▸ HOW TO COMPLETE THIS TASK: Starting at the line below that contains "路边小酒吧旁,一只小狗🐶被栓" and ending at the line that contains "empiezo a sentir", retype each line exactly as it stands, but omit the pictures.

▸ THE DATA:
════
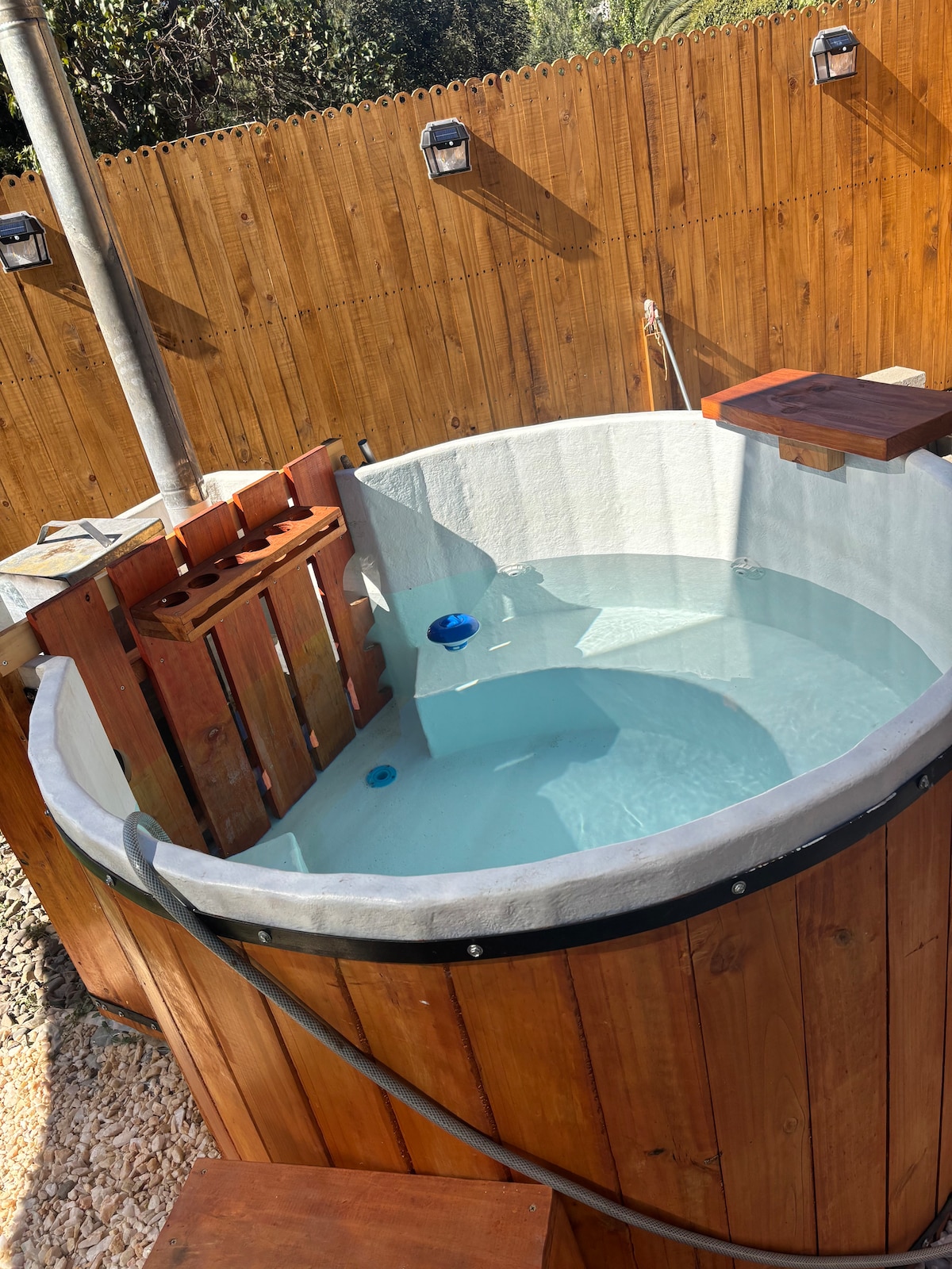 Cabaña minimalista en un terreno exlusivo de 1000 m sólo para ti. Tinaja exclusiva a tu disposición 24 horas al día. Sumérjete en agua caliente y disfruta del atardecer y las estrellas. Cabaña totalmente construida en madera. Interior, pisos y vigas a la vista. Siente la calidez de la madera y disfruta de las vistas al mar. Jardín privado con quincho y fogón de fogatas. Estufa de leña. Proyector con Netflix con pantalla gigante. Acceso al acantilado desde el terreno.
════
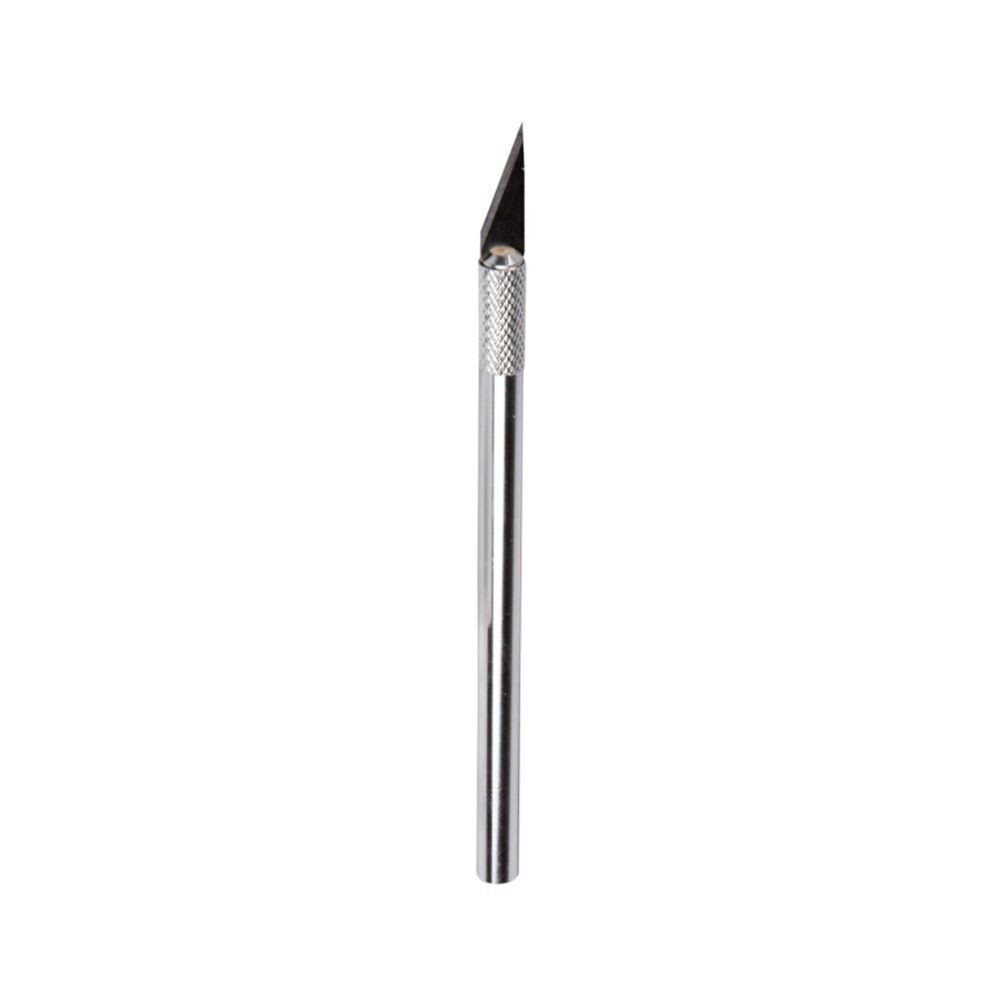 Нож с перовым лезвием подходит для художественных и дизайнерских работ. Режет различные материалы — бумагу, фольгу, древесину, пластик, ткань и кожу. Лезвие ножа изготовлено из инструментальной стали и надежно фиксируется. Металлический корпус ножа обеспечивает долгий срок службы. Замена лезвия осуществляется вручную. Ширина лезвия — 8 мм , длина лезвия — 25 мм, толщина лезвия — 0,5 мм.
════
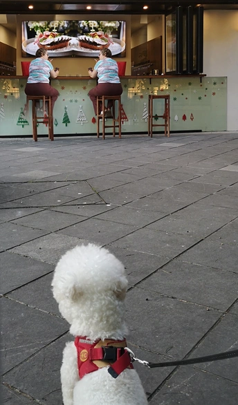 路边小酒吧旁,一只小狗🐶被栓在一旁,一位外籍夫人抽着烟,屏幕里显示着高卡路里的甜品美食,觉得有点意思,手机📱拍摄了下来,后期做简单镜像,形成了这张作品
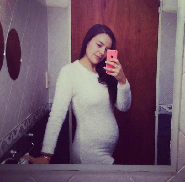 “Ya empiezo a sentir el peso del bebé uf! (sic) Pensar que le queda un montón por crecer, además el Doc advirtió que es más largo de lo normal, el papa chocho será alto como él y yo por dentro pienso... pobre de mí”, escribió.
════
▸ REPLY TO THE EXERCISE:
 路边小酒吧旁,一只小狗🐶被栓在一旁,一位外籍夫人抽着烟,屏幕里显示着高卡路里的甜品美食,觉得有点意思,手机📱拍摄了下来,后期做简单镜像,形成了这张作品
 “Ya empiezo a sentir el peso del bebé uf! (sic) Pensar que le queda un montón por crecer, además el Doc advirtió que es más largo de lo normal, el papa chocho será alto como él y yo por dentro pienso... pobre de mí”, escribió.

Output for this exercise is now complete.